I don't think it's as much a matter of disagreement as it is about the width one's vision.

>>> Where was it that we were talking about scales?
>> Everywhere !
>
> Most of what I had to say about just intonation and rational numbers
> had to do with intervals and chords, and I don't think I mentioned
> scales until you brought them up. (See below.)
>> From the OED:
>> Tuning: the process of putting a musical instrument in tune.
>> In tune: having the correct pitch or intonation.
>> It's provenance is the Greek 'teino', meaning 'stretch'.
>>
>> Scale: Mus. an arrangement of all the notes in a system of music
>> in ascending or descending order.
>> It's provenance is the Latin 'scala' from 'scandere', meaning climb.
>>
>> As I said, one tunes *to* a scale.
>
> I don't ordinary think of a scale as all of the tones in a system or
> tuning (although that's one of its definitions), but rather as a
> subset of that system or tuning. You seemed to be using the word
> that way when you were making a distinction between the two:
>

You, along with many others continue to call scales 'tunings'. This is wrong. A tuning is more about the physical state of a musical instrument, i.e. tuning a piano to the Bohlen-Pierce scale.

> << This is partly correct. First it is scales we're concerned in this
> instance, not tunings. >>
>
> It's counter-productive to quote a definition for a word out of a
> dictionary (and not even a music dictionary) when a somewhat
> different definition is being used in the discussion.

The reason for my elaborating on a word's provenance, is not to be pedantic. I find that knowing the roots of a word helps to understand what it may or may not mean. The roots of 'scale' and 'tuning' show that they are not synonymous, nor is a scale a subset of a tuning. Your understanding of what a scale is appears to be tainted by mainstream incorrect use of terminology.

>>> In stating that temperaments are non-rational tunings, one would not
>>> logically conclude that all non-rational tunings are temperments.
>> Actually that is exactly the error you made, which I pointed out.
>
> I was trying to say that I didn't make that (or some such) error, but
> that it appeared that you inferred that I had.
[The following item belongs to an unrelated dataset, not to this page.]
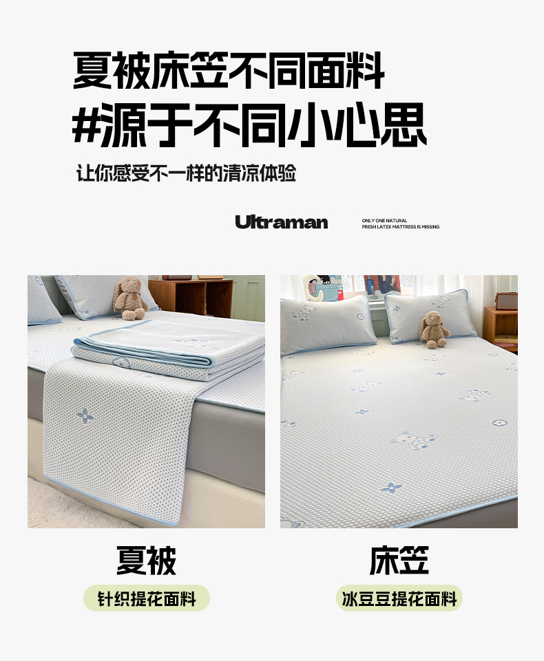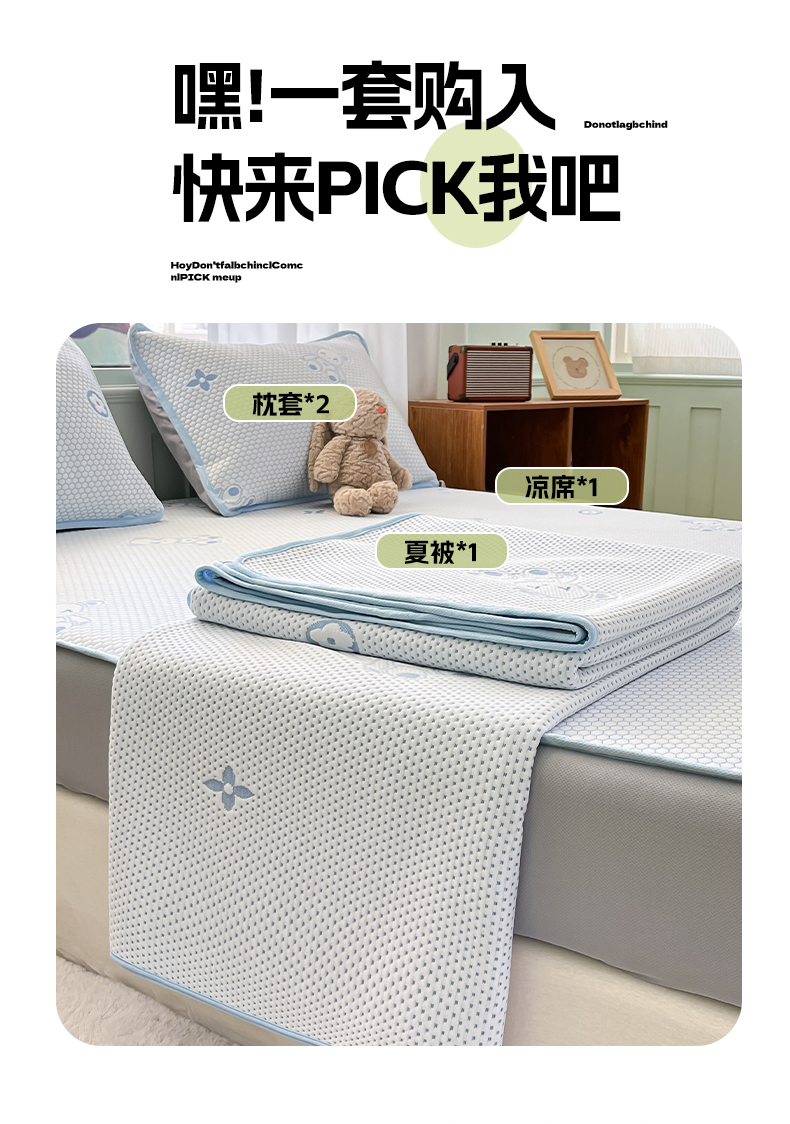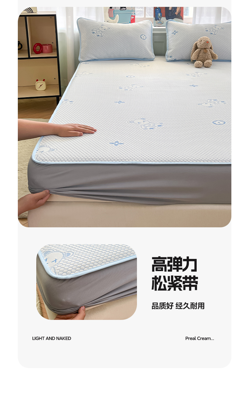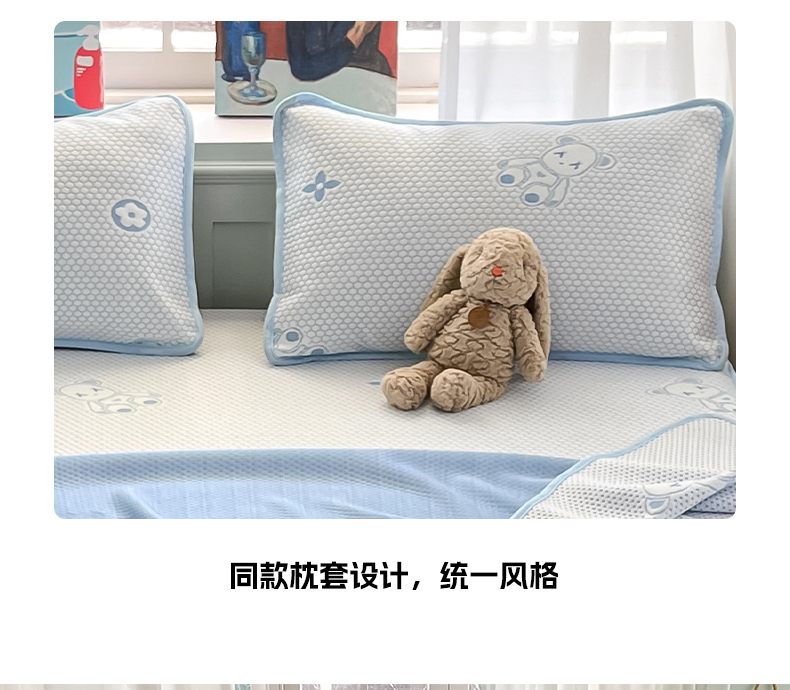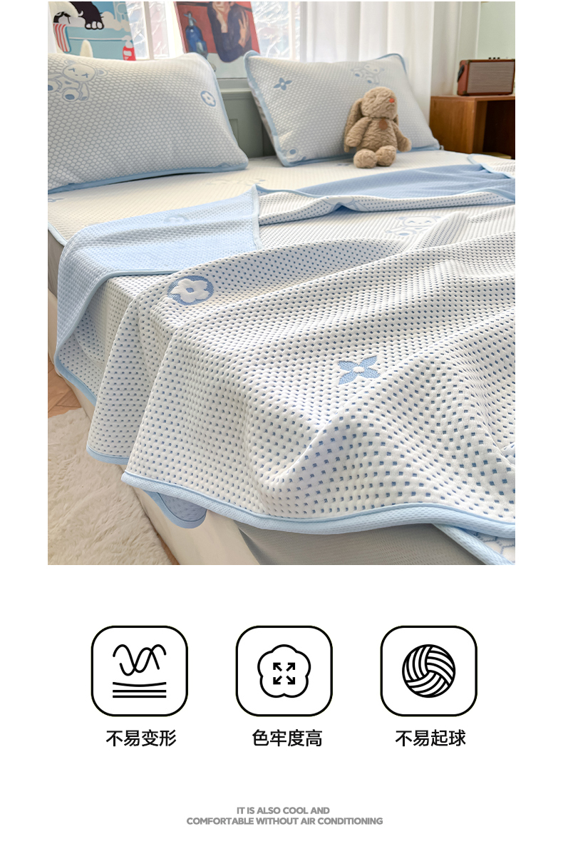 商品名称:绘萱家居 2025爆款冰凉豆豆凉席夏被四件套三件套床笠款冰丝软席子 暴力熊-蓝

"Any tuning in which a rational interval (no matter how small) vanishes is by definition a temperament, not a rational tuning." What you said.

>>> The term "inharmonic" is generally applied to timbres having non-
>>> harmonic partials, not to scales or tunings.
>> My using it to refer to scales, chords, & intervals is a logical
>> extension. As consonance and dissonance are used to refer to all
>> these things.
>
> All I can say is, watch your definitions and usages of terms. If you
> aren't careful with them, you're going to misunderstand others and
> also be misunderstood. Dictionaries are limited in their helpfulness
> when words have multiple meanings; get the particular meanings that
> others are using by taking everything in context.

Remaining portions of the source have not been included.